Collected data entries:
*** Block opens ***
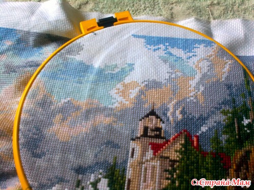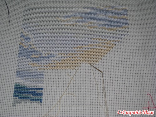 А с цветовой гаммой-самое сложное было, из всех тканей выбивается и резко контрастирует голубой и персиик, а белая канва вообще контраст со всем, а потому пришлось в пастельных тонах чего то делать, хотя тянуло на сине-бирюзовую морскую гладь. Ну это другим разом, т.к. у меня есть ещё парочка морских задумочек
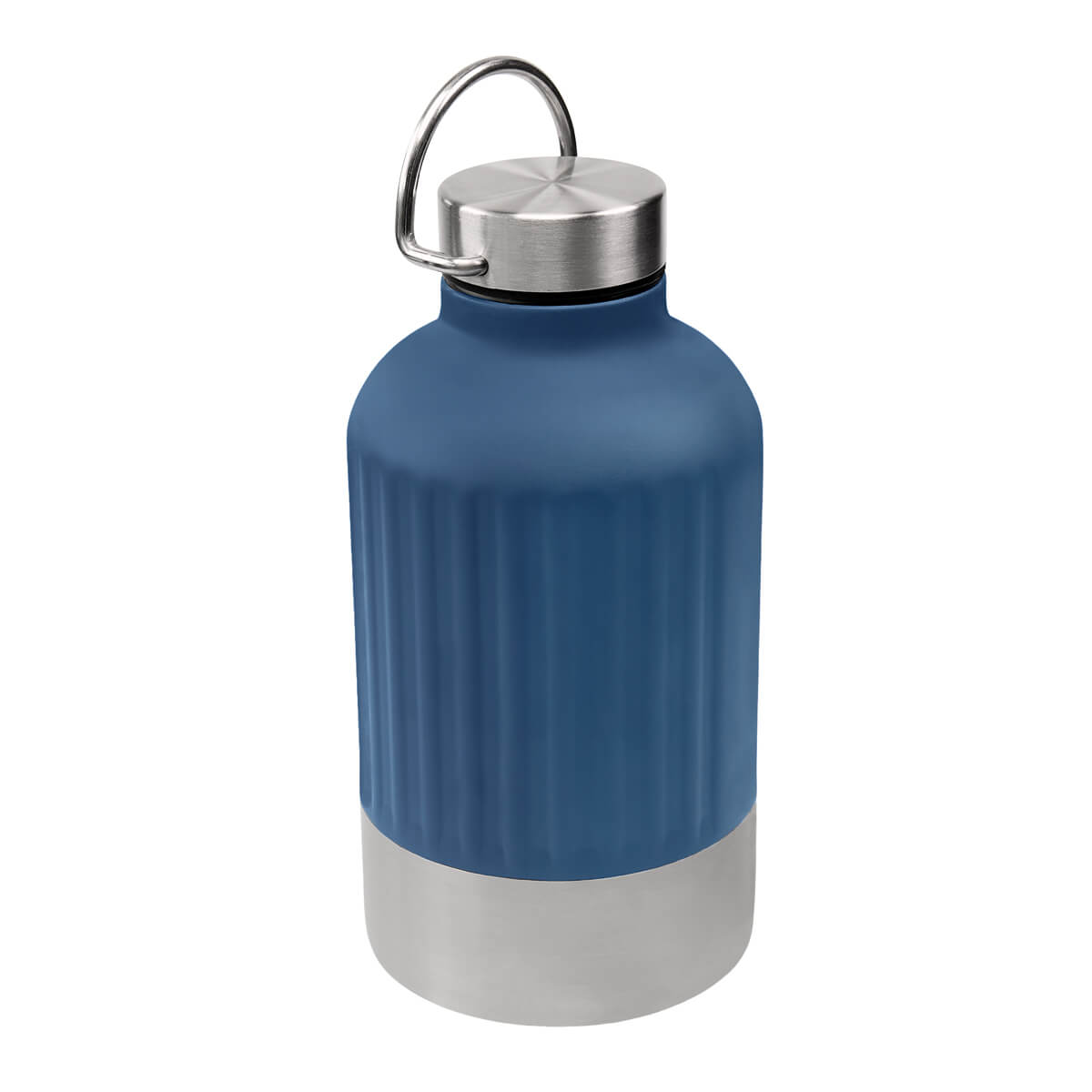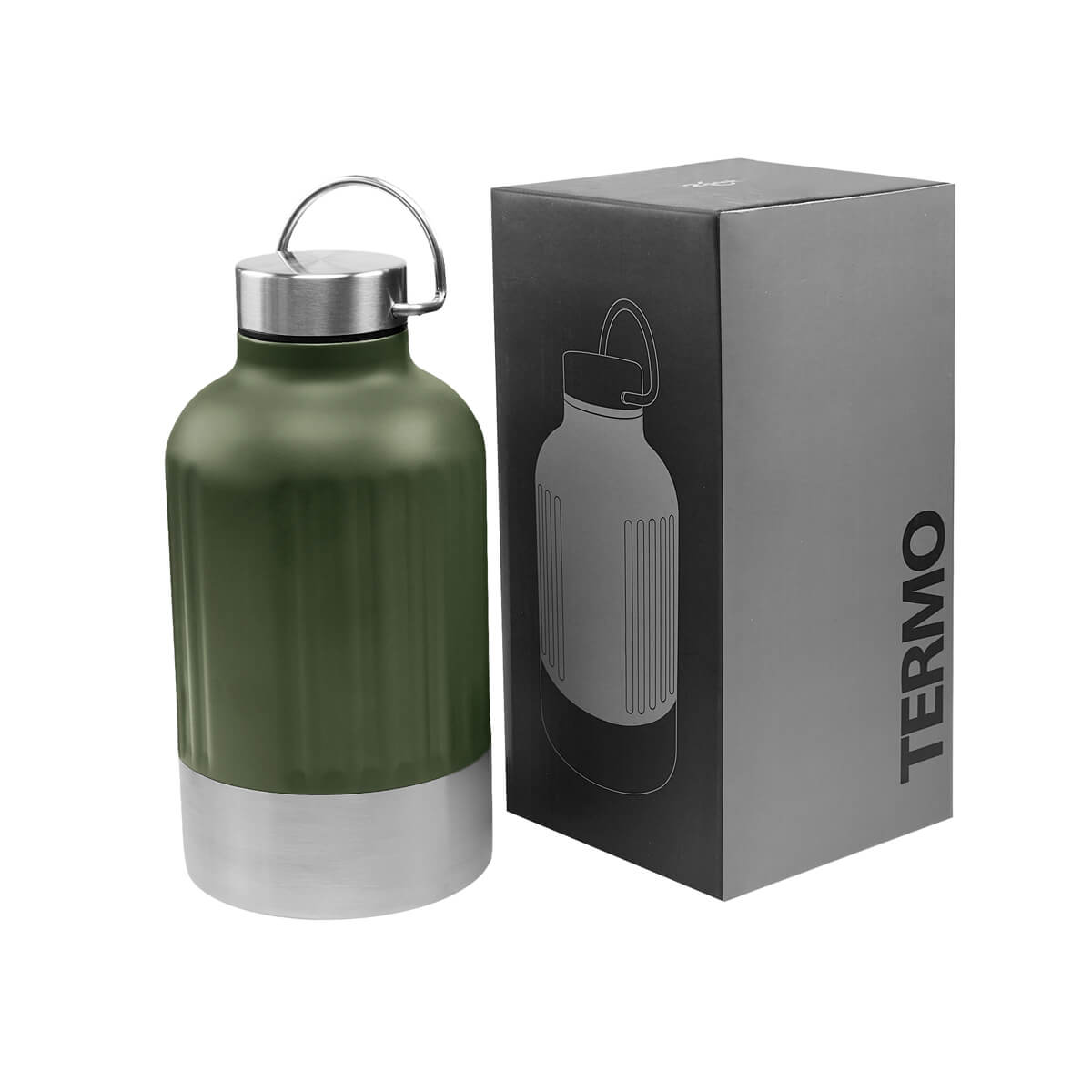 TERMO SKARN - Termo doble pared. Cerrado al vacío. Pared interna y externa de acero inoxidable. Tapa con sistema de rosca compuesta de plástico y acero inoxidable. Incluye un asa metálica para transportar con mayor comodidad. Su diseño bitono, combina color y modernidad, mientras que su textura metálica con patrón de líneas verticales, le da un toque original y vanguardista. Mantiene la temperatura caliente por 6 hrs y temperatura fría por 8 hrs. Capacidad 23 Oz. Base de 9 cm de diámetro. Incluye caja individual.
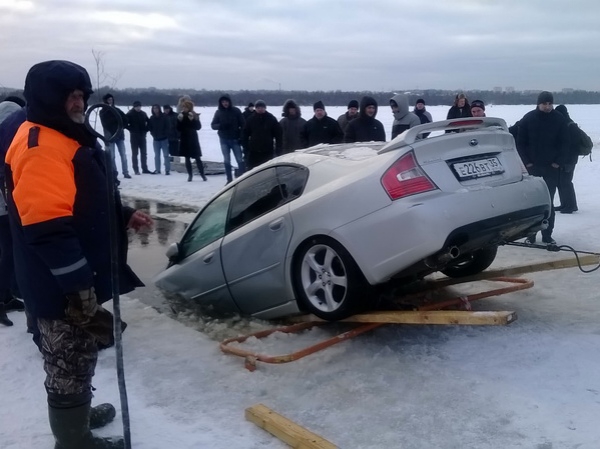 «У нас было два варианта. Первый - ставить автомобиль сразу на лед, второй - попытаться тащить ее к берегу подо льдом. Приняли решение тащить, так как лед на реке еще слабый, и конструкция по подъему могла не выдержать. Водолазы закрепили стропы на иномарке, завели трос подо льдом . Где-то половину пути мы протащили ее так, а потом выпилили майну, и лебедкой с эвакуатора подняли машину на берег», — пояснил корреспондентам официального сайта мэрии города Череповца заместитель директора Центра по защите населения и территорий от ЧС Дмитрий Санакоев.
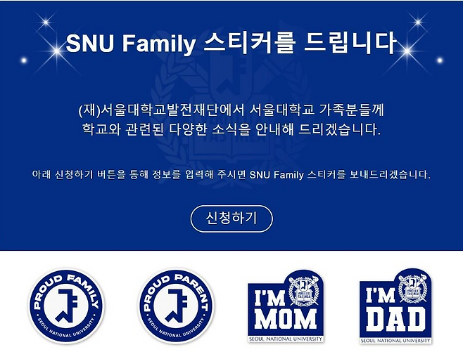 스티커에는 ‘I AM MOM(나는 서울대생 엄마)’ ‘I AM DAD(나는 서울대생 아빠)’ ‘PROUD FAMILY(자랑스러운 가족)’라는 문구와 함께 서울대 로고가 삽입돼 있다. 지난해 12월부터 이번 달까지 2100명이 해당 스티커를 받았다.
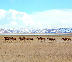 普蘭縣境內奔跑在雪山下的成群藏野驢。劉曉東攝/光明圖片
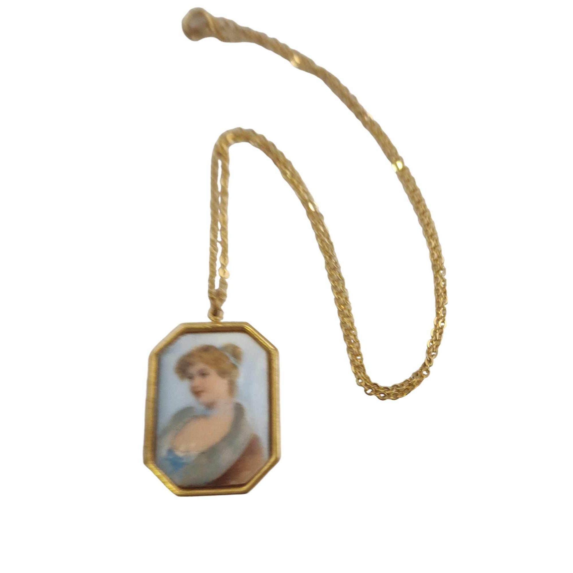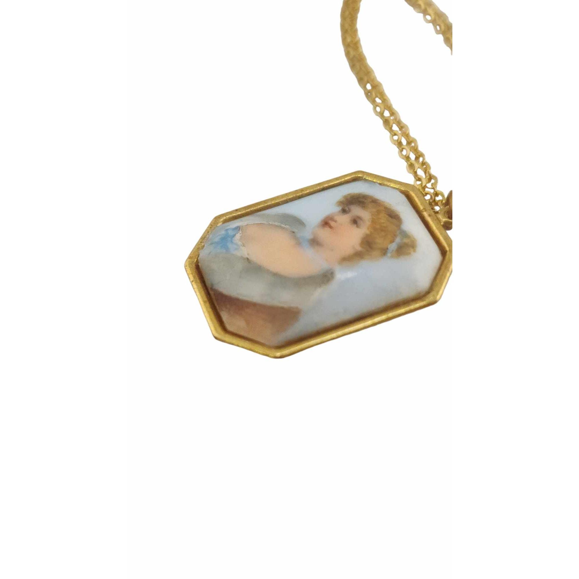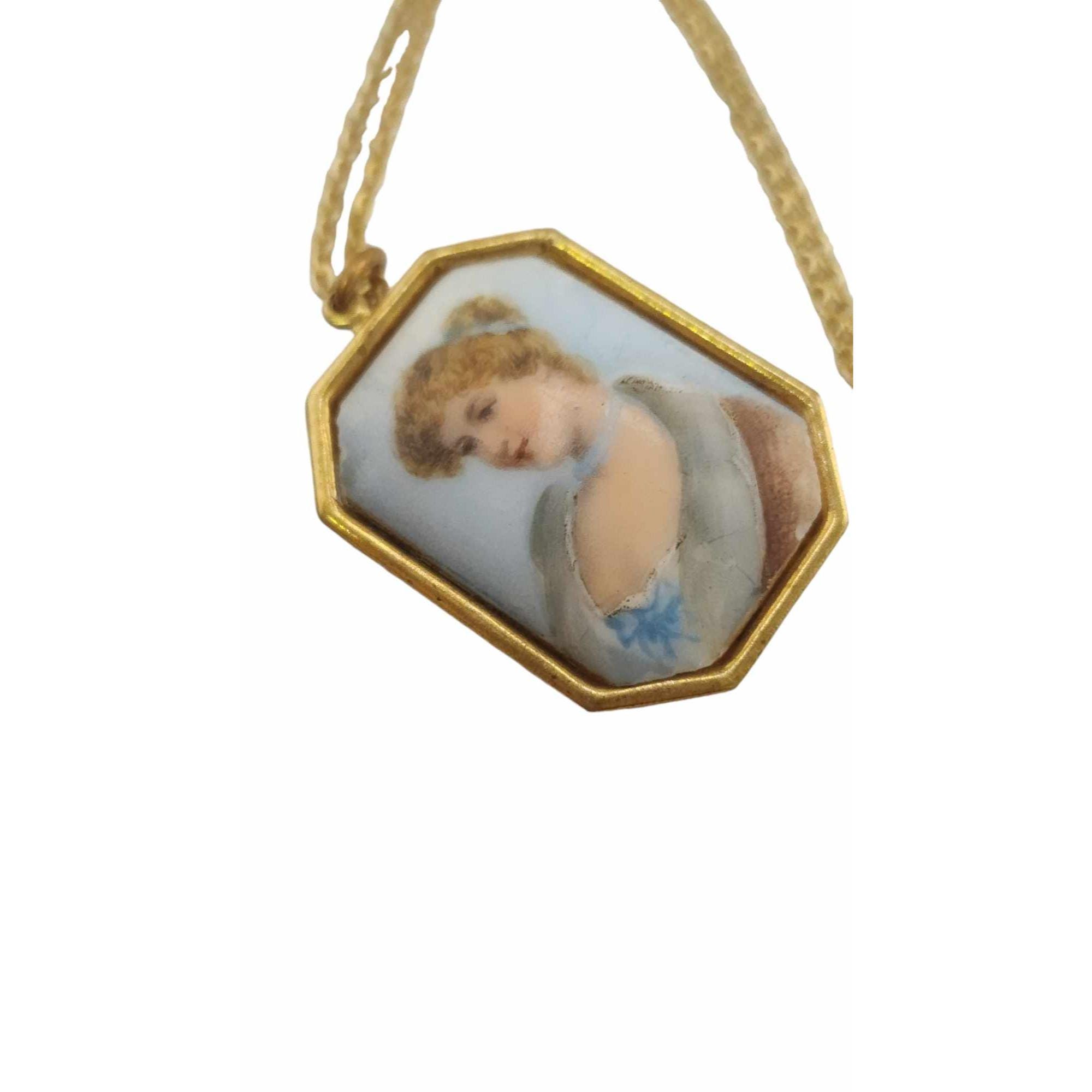 Vintage Pastel Porcelain Portrait Necklace (A5754)
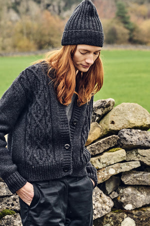 Button front crew neck cable cardigan.
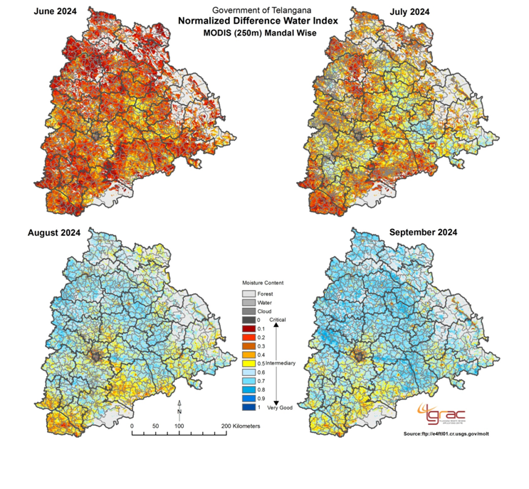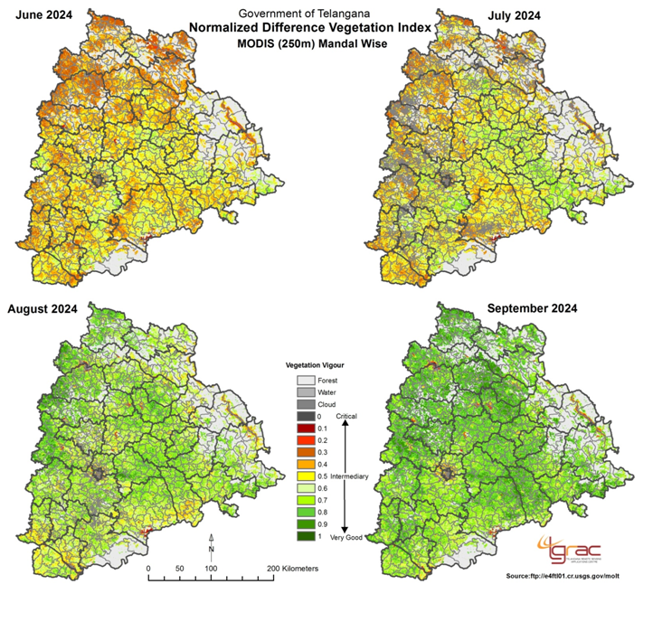 Data Sets:- MODIS (250m, 16 day composite) and Resourcesat-2 AWiFS data for entire Telangana.
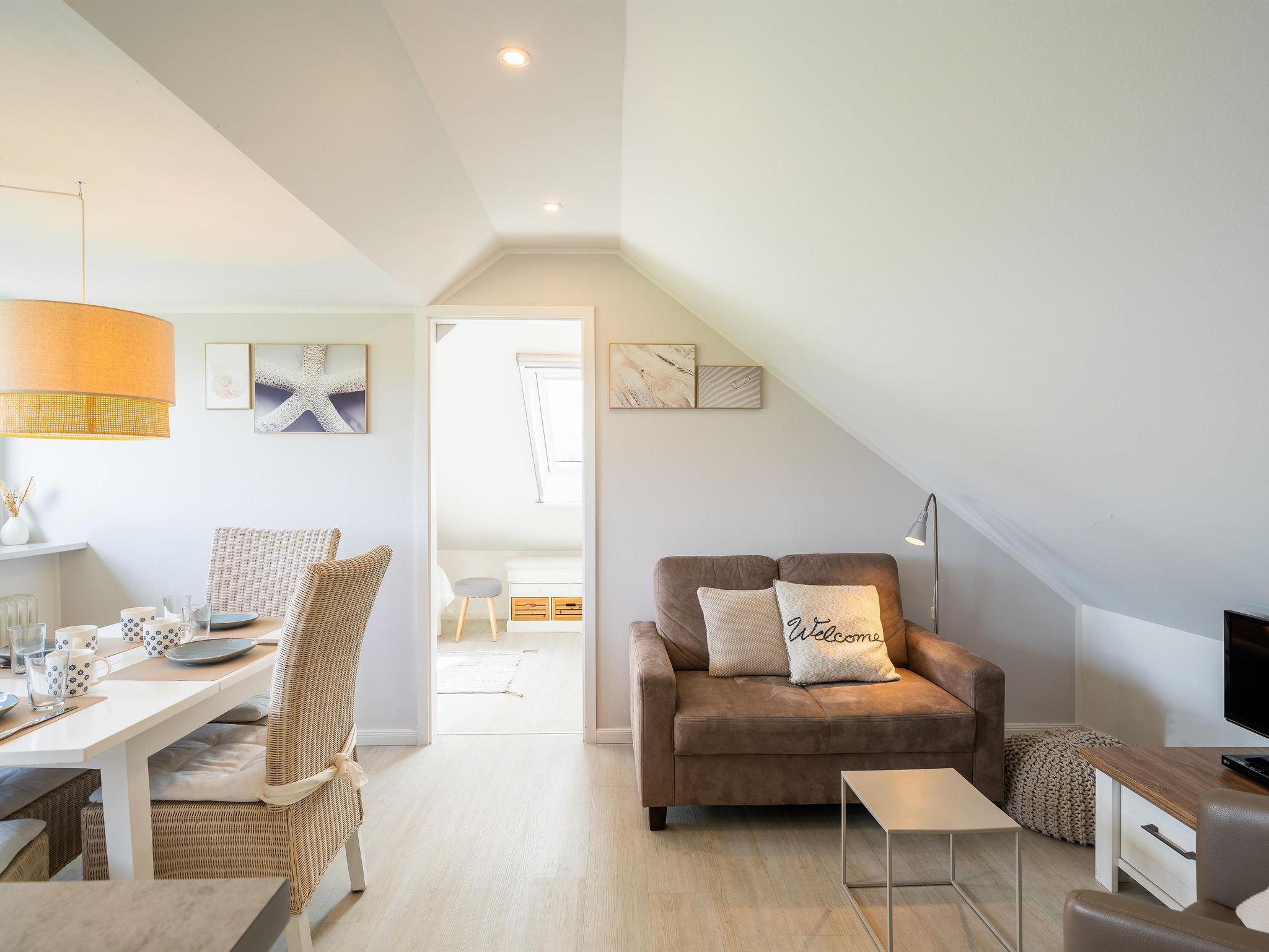 Der gemütliche Essbereich bietet Platz für 4 Personen. Im hellen Wohnbereich befinden sich ein Flachbild-Fernseher und eine gemütliche Couchgarnitur.
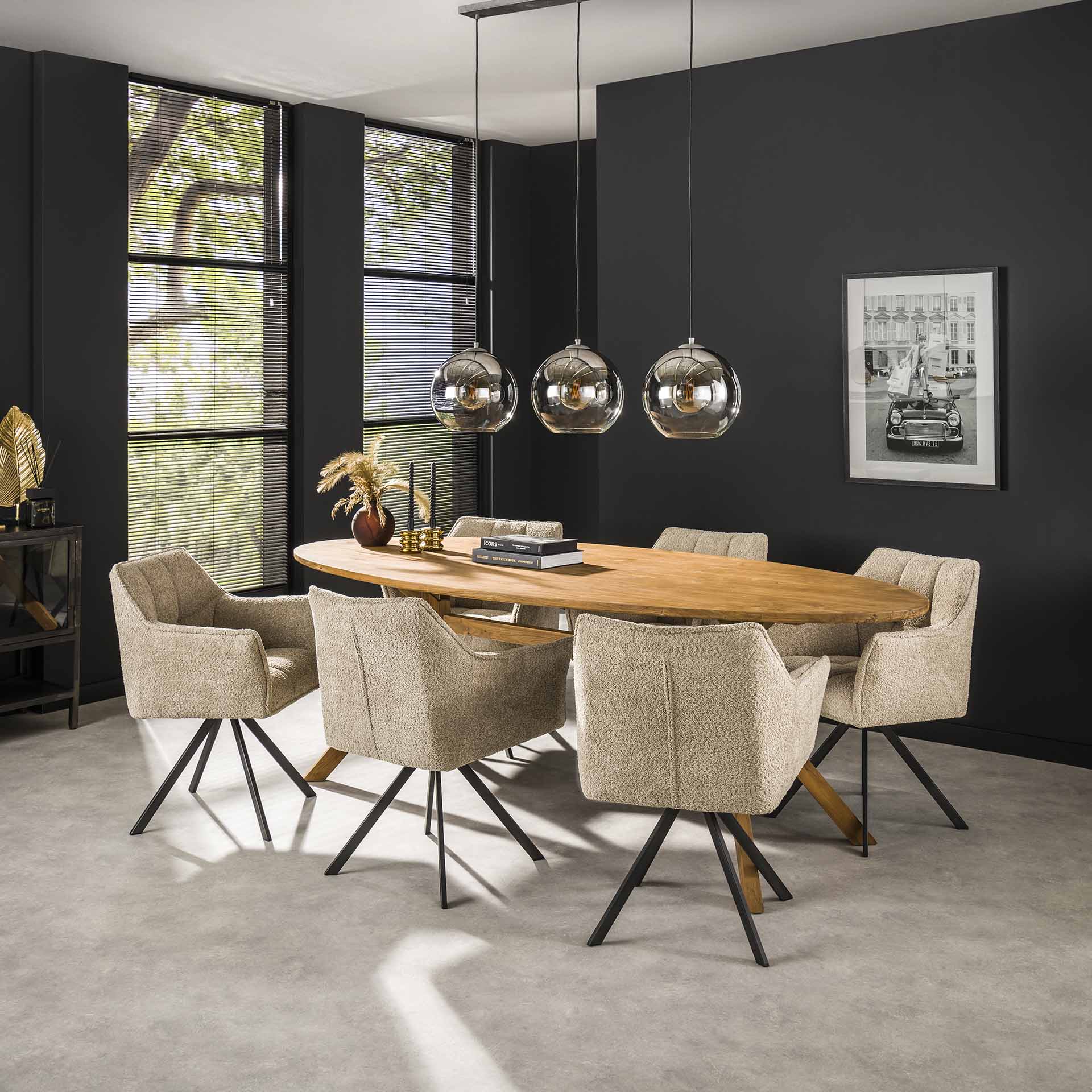 Maak kennis met onze Londen Eettafel, een trendy meesterwerk vervaardigd uit massief teakhout met een teakhouten frame. Deze ovale eettafel is niet zomaar een tafel, het is een ware eye-catcher die jouw interieur een warme en sfeervolle touch geeft. Beschikbaar in drie verschillende maten - 200 cm, 240 cm en 300 cm - biedt deze tafel de perfecte oplossing voor iedere ruimte.
*** Block closes ***
Task instructions: Starting at the first line of the records and stopping after the line with "Der gemütliche Essbereich", copy each line exactly; pictures stay out.

Solution for this task:
 А с цветовой гаммой-самое сложное было, из всех тканей выбивается и резко контрастирует голубой и персиик, а белая канва вообще контраст со всем, а потому пришлось в пастельных тонах чего то делать, хотя тянуло на сине-бирюзовую морскую гладь. Ну это другим разом, т.к. у меня есть ещё парочка морских задумочек
 TERMO SKARN - Termo doble pared. Cerrado al vacío. Pared interna y externa de acero inoxidable. Tapa con sistema de rosca compuesta de plástico y acero inoxidable. Incluye un asa metálica para transportar con mayor comodidad. Su diseño bitono, combina color y modernidad, mientras que su textura metálica con patrón de líneas verticales, le da un toque original y vanguardista. Mantiene la temperatura caliente por 6 hrs y temperatura fría por 8 hrs. Capacidad 23 Oz. Base de 9 cm de diámetro. Incluye caja individual.
 «У нас было два варианта. Первый - ставить автомобиль сразу на лед, второй - попытаться тащить ее к берегу подо льдом. Приняли решение тащить, так как лед на реке еще слабый, и конструкция по подъему могла не выдержать. Водолазы закрепили стропы на иномарке, завели трос подо льдом . Где-то половину пути мы протащили ее так, а потом выпилили майну, и лебедкой с эвакуатора подняли машину на берег», — пояснил корреспондентам официального сайта мэрии города Череповца заместитель директора Центра по защите населения и территорий от ЧС Дмитрий Санакоев.
 스티커에는 ‘I AM MOM(나는 서울대생 엄마)’ ‘I AM DAD(나는 서울대생 아빠)’ ‘PROUD FAMILY(자랑스러운 가족)’라는 문구와 함께 서울대 로고가 삽입돼 있다. 지난해 12월부터 이번 달까지 2100명이 해당 스티커를 받았다.
 普蘭縣境內奔跑在雪山下的成群藏野驢。劉曉東攝/光明圖片
 Vintage Pastel Porcelain Portrait Necklace (A5754)
 Button front crew neck cable cardigan.
 Data Sets:- MODIS (250m, 16 day composite) and Resourcesat-2 AWiFS data for entire Telangana.
 Der gemütliche Essbereich bietet Platz für 4 Personen. Im hellen Wohnbereich befinden sich ein Flachbild-Fernseher und eine gemütliche Couchgarnitur.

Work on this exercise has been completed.